Dr Adam Nayyar passes away
He was 59 and had served PNCA for three years.
Dr Nayyar was valued as an authority on Pakistani music, especially Sufi and folk music, and culture. His areas of interests and experience were ethnographic investigations, teaching and training, music and Silk Route music.
His interests as an ethnomusicologist took him to Tajikistan, Turkmenistan in Central Asia, Senegal, Guinea and Cote d’Ivoire in West Africa, and USA and France.
His doctoral dissertation, published in 1986 from Heidelberg University, dealt with micro-level world views in a society undergoing change.
Besides being the Executive Director of the PNCA, he was a member of the adjunct faculty of the Departments of Anthropology and Pakistan Studies, Quaid-i-Azam University, Islamabad. He also worked for the Lok Virsa (Folk Heritage) as Director Research for over two decades.

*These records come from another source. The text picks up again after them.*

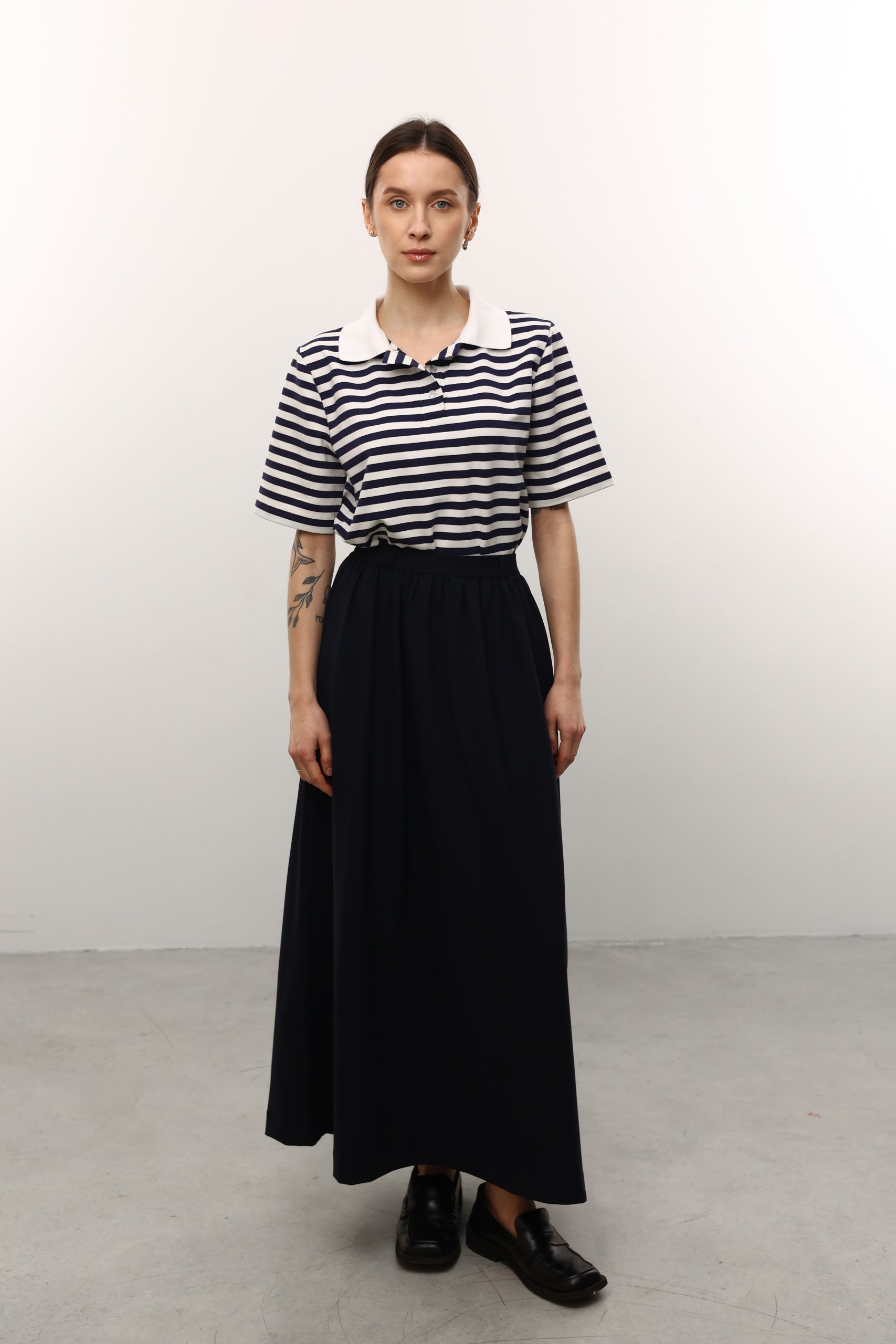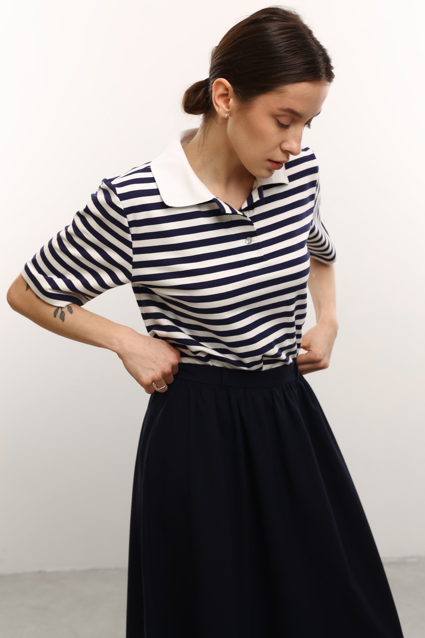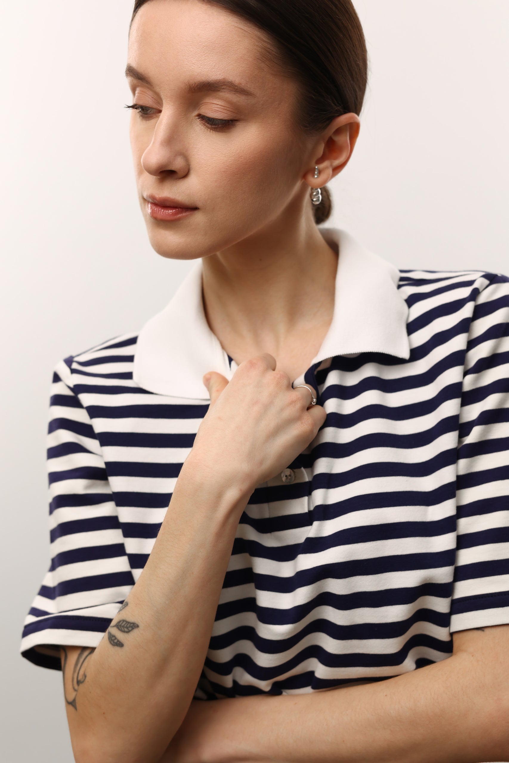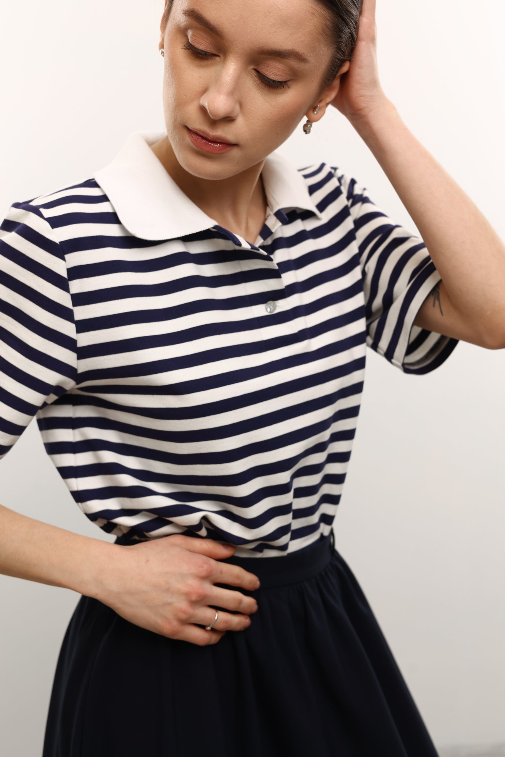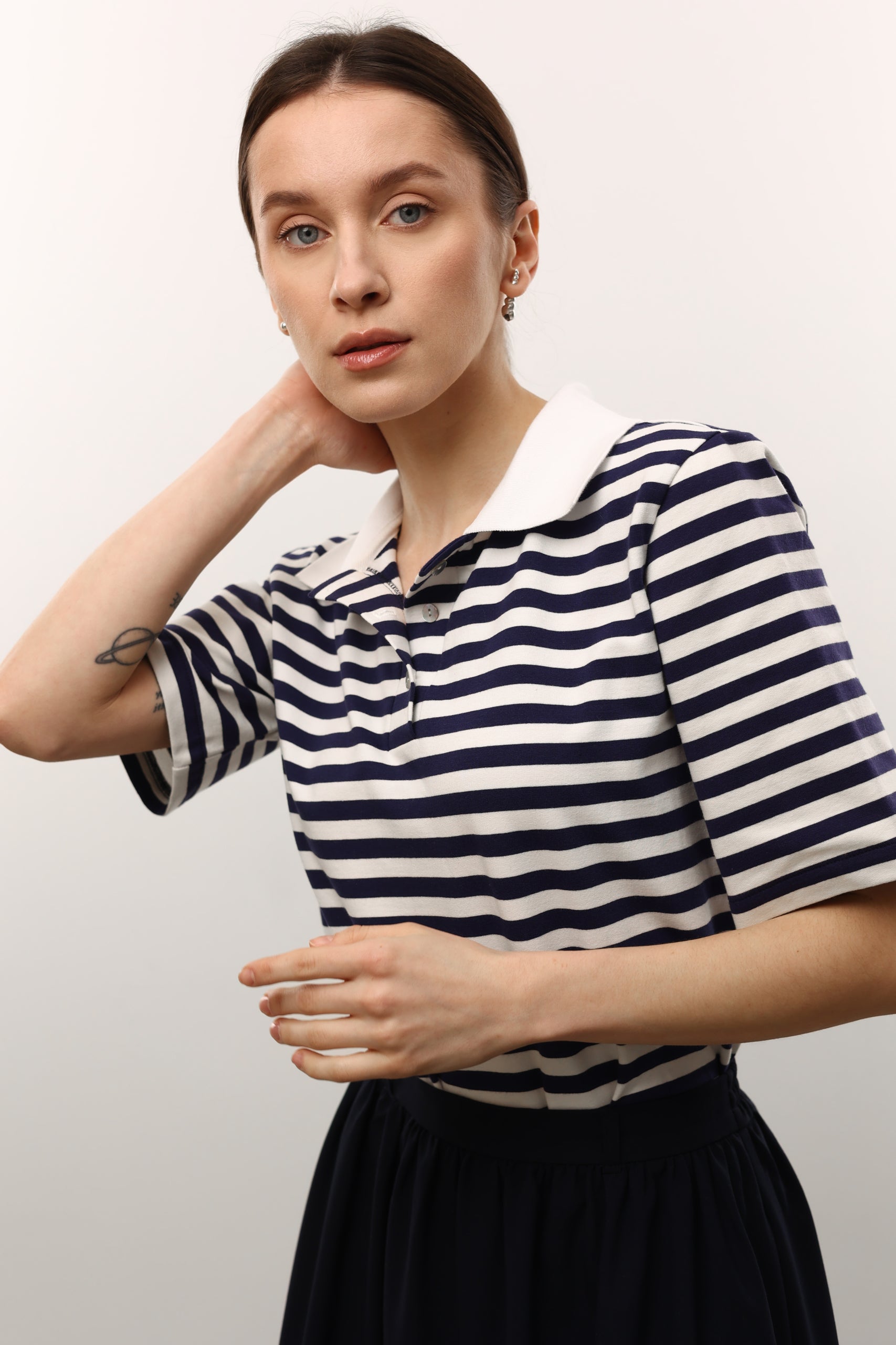 Оздоблений комірцем поло, перламутровими ґудзиками з натуральної мушлі.
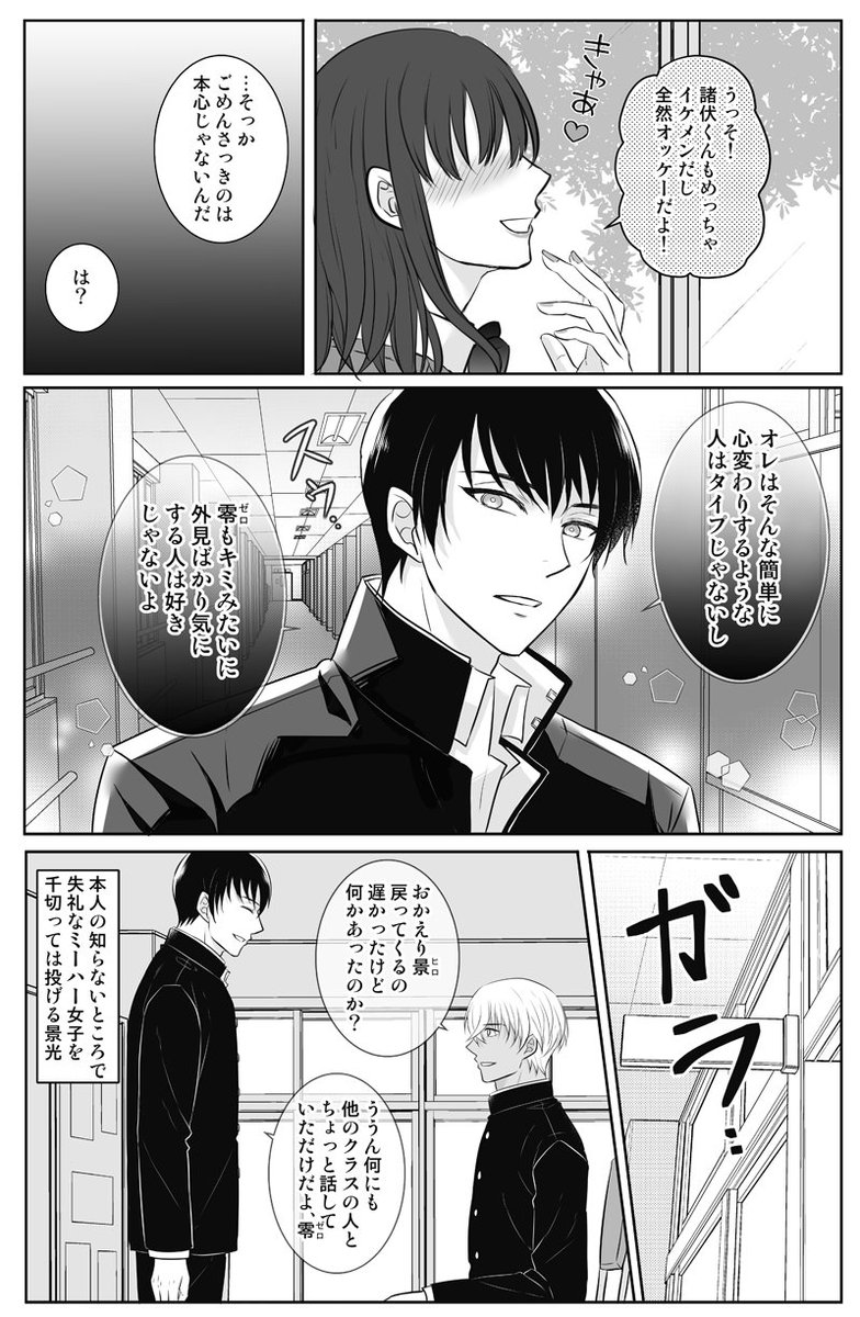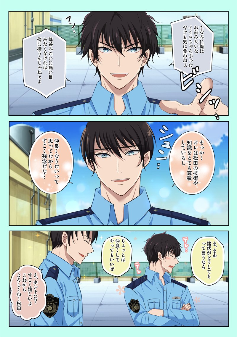 幼馴染ヒロ+ゼロ。普段はニコニコ穏やかなヒロさんが、降さん絡みでは容赦ないの萌えるなと思って描きました☺️ ※モブ注意
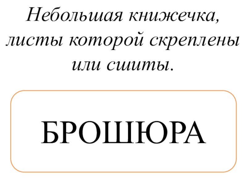 Слайд 6Небольшая книжечка, листы которой скреплены или сшиты.
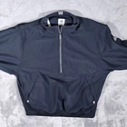 Condition Notes: Fair/good vintage condition. Multiple spots of dark discoloration spread out over front and back of jacket. Moderate wear throughout. See photos. Product Notes • Half-Zip Closure • Embroidered Adidas Logo • Elastic Hem & Cuffs • Side Pockets • Machine Washable • Mesh Lining • Vinted Back Measurements: Pit to Pit: 24 inches Chest: 48 inches Hem to Collar: 26.125 inches Please check photos and measurements carefully. Note the boxy fit and relatively short length.
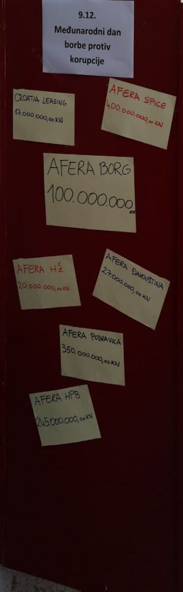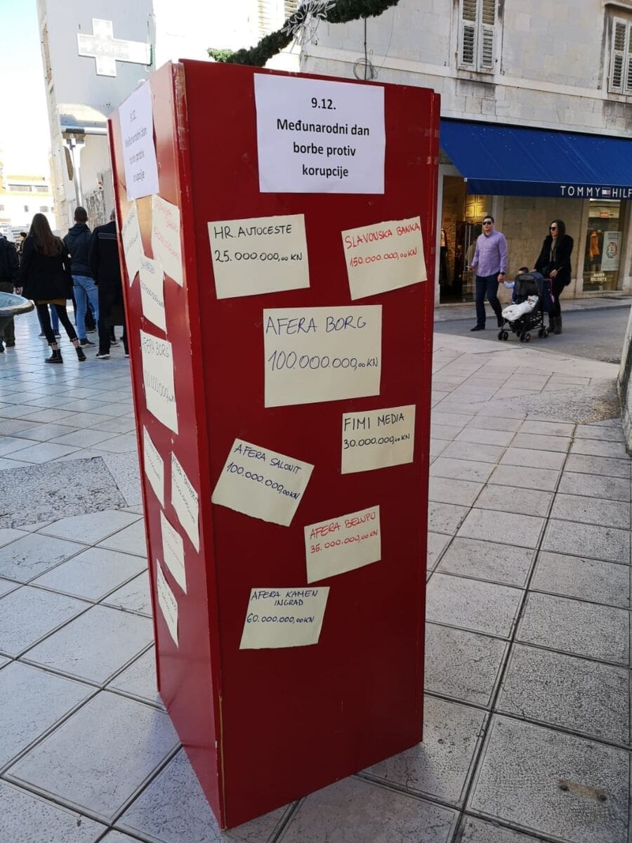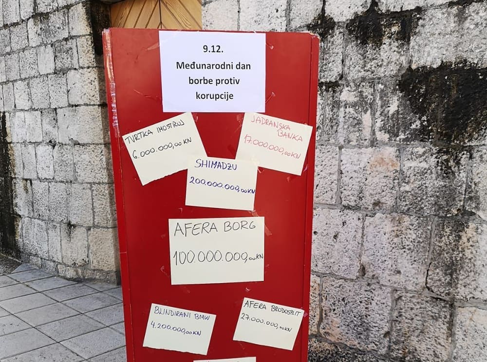 Danas je 9. prosinac – Međunarodni dan borbe protiv korupcije koji se obilježava od 2003. godine kada je Opća skupština UN posebnom rezolucijom ukazala na problem korupcije i potrebu svakodnevne borbe protiv nje. Tim povodom na Marmontovoj ulici u Splitu je osvanuo stup na kojem su izvješeni iznosi kojima je Hrvatska oštećena u raznim korupcijskim aferama.
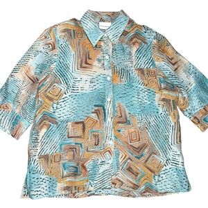 Alfred Dunner Size 14 Women’s Blouse Geometric Print Rayon Blend 3/4 Sleeve
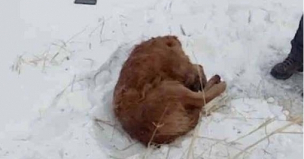 鏟屎官趕緊出門去找金毛,本來狗狗年紀就大了走不了太遠!果然走了一圈在家附近的一個小山坡上找到了金毛的身影!金毛蜷縮著身體窩在一個雪坑里面,當鏟屎官走近的時候去摸金毛髮現他已經沒有了呼吸!
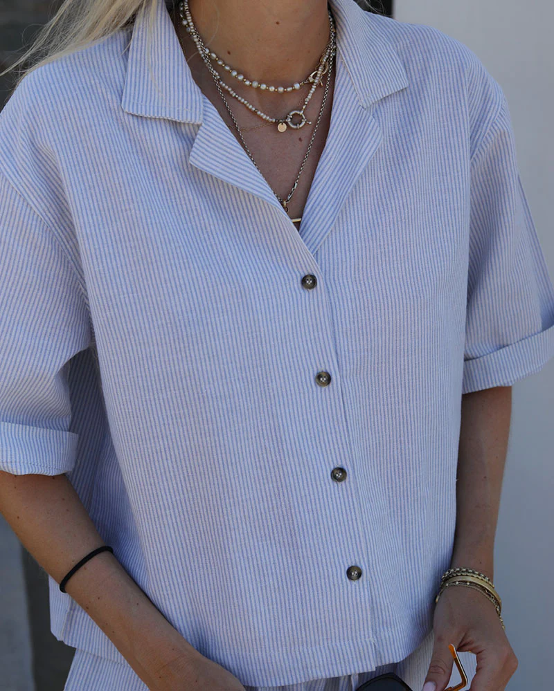 Pair with the matching shorts, or blend with a white t-shirt and our Blue Austin jumper. These sets are our go to for the summer and can be worn paired or unpaired... we particularly like this shirt with high waisted denims!
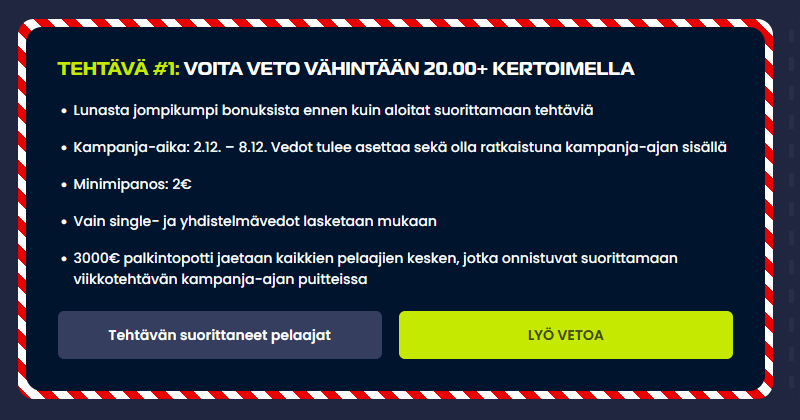Joka joulukuun viikko aukeaa uusi tehtävä suoritettavaksi. Ensimmäiseksi pääset lunastamaan bonuksen joko Vedonlyöntiin tai Kasinolle – voit lunastaa halutessasi myös molempiin. Tämän jälkeen pääset itse tehtävien kimppuun. Tutustu tämän viikon tehtävään ja nappaa osuutesi palkintopotista!
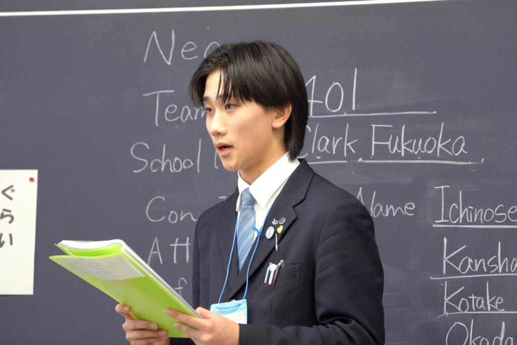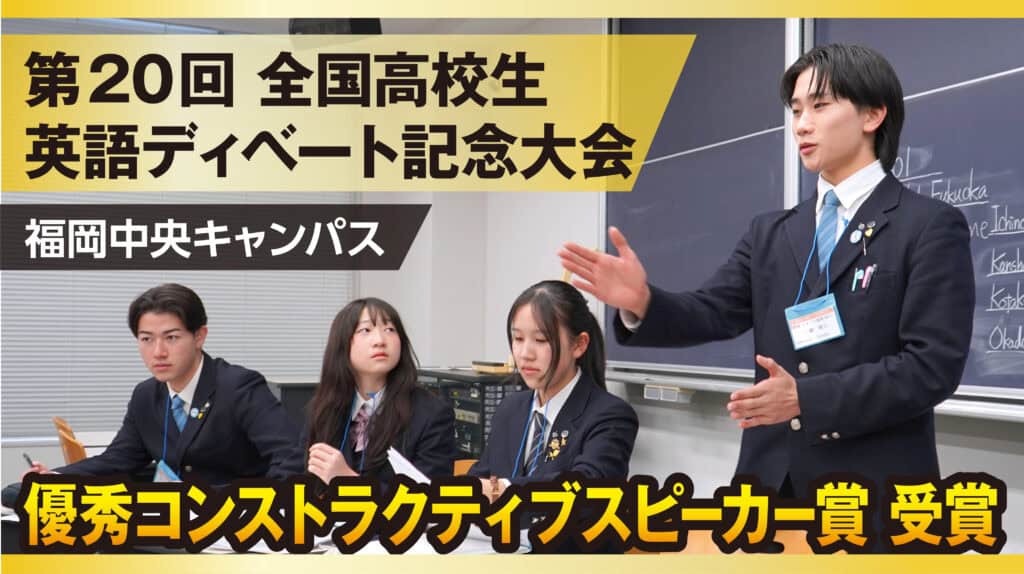 この全国大会に、クラーク福岡中央キャンパス 国際専攻の生徒4名が出場しました。全国から集まった高校生ディベーターたちと英語で討論を行い、一ノ瀬さん(3年)が優秀コンストラクティブスピーカー賞を受賞しました。
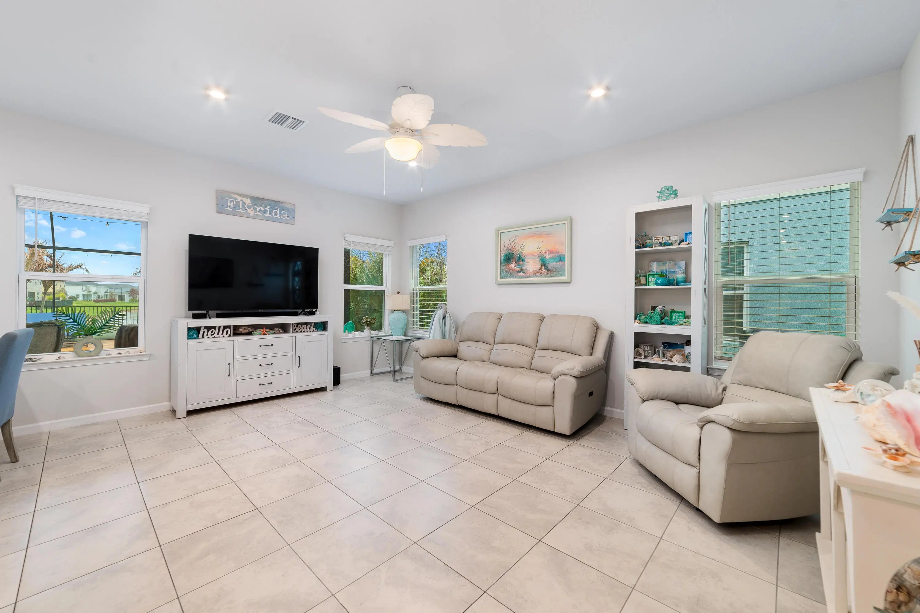 Welcome to this stunning 2023-built single-family home in the highly desirable Central Park community of Port St. Lucie. Thoughtfully designed by Ryan Homes, this spacious two-story residence offers 4 bedrooms, 3 bathrooms, and a versatile flex room—perfect for a home office, gym, or guest space. Step inside to discover an open-concept layout filled with natural light, featuring tile flooring throughout the main living areas and a large, modern kitchen equipped with granite countertops, stainless steel appliances, and ample space for entertaining. Upstairs, you'll find a generous loft area ideal for a second living space, media room, or play area. Enjoy Florida living at its finest with your private backyard oasis overlooking a serene water view. The saltwater heated pool, complete with a travertine deck and screened enclosure, is complemented by a covered lanai—perfect for relaxing or hosting year-round. Additional highlights include a spacious laundry room, carpeted bedrooms for comfort, and a 2-car garage. With modern construction, thoughtful upgrades, and a prime location, this home offers the perfect blend of style, comfort, and convenience. Located in the heart of Port St. Lucie, this opportunity provides a fantastic location not far from gorgeous beaches, shopping and quick access to highways. Please make sure to check out the 3D virtual walkthrough and schedule an appointment today!
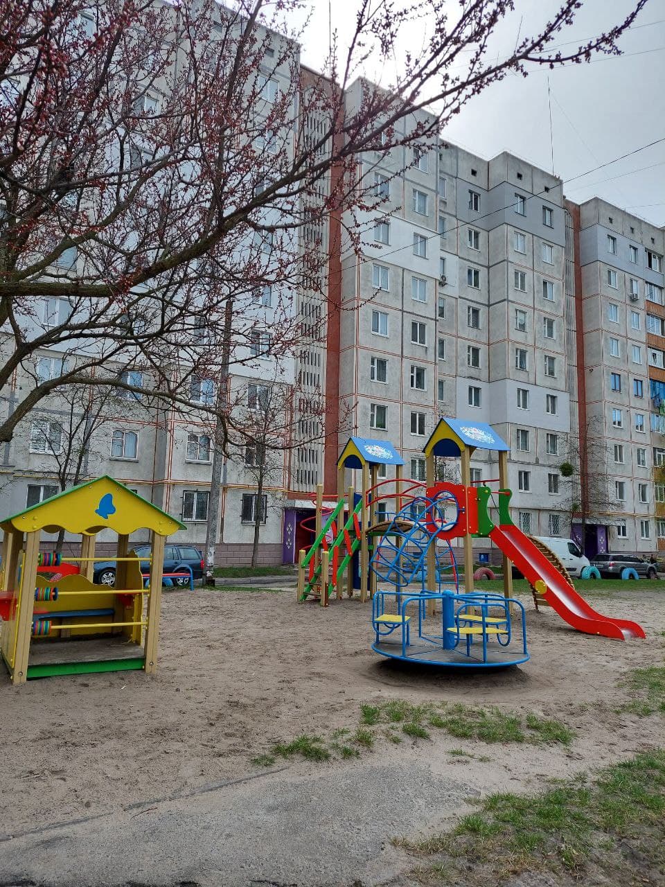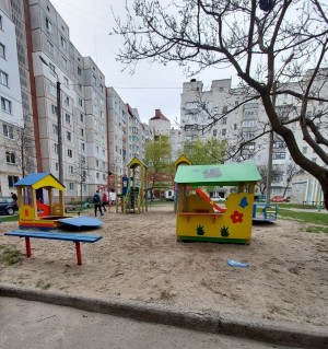 Очень аккуратный дом, чистый подъезд, ухоженный двор с детскими площадками.
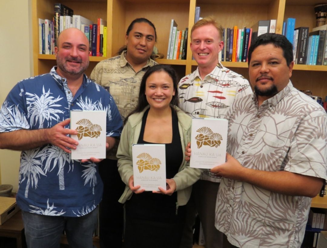 The KS publishing team: Kamehameha Publishing Director Ron Cox, Editor Kamaoli Kuwada, Hawaiian-Language Publishing Specialist Kiele Gonzalez, former Managing Editor Matthew Corry, and former Editor Keoni Kelekolio.

Recently the French government bestowed its prestigious `Chevalier des Arts et des Lettres’ (Knighthood of Arts and Letters) award upon him in recognition of his contributions to cultural life of the world.
Dr Nayyar was instrumental in putting Nusrat Fateh Ali Khan on the world map of music world. In 1991, working as a team anthropologist, he produce a film on the musical heritage of Pakistan titled Pardesi which won an “Honorable Mention Award” at the Cannes Film Festival.
Two other films — Religious and Sufi Music and The Music of Balochistan — that he produced with a French team also won silver medal at the Florence Film Festival.
Capital’s leterati, Secretary Culture Shahid Rafi, PNCA director-general Naeem Tahir, architect Naeem Pasha and other close friends attended Dr Nayyar’s funeral.
Naeem Tahir expressed sorrow over the demise of his colleague in a formal condolence message to his family.
Poet and playwright Sarmad Sehbai said that in Dr Nayyar’s death he lost a personal friend of 40 years and the world of culture a brilliant and insightful scholar.
“His ishq (love) with Punjab was admirable and his passion for culture and world music, specially qawwali, venerable,” he said.
Painter Ghulam Rasool, who had known Dr Nayyar since 1974, regretted that the country wasted a talent in Dr Nayyar. “He was so much more gifted than any of us knew. A fine researcher, a professional and a talented person he was,” he said.
Dr Nayyar’s two last books, A Treatise on Qawwali and Readings, Narrative and Unsaid in the Ghazal, were ready to go to print when he died. The books would further, what painter Ghulam Rasool called, his “cultural diplomacy”.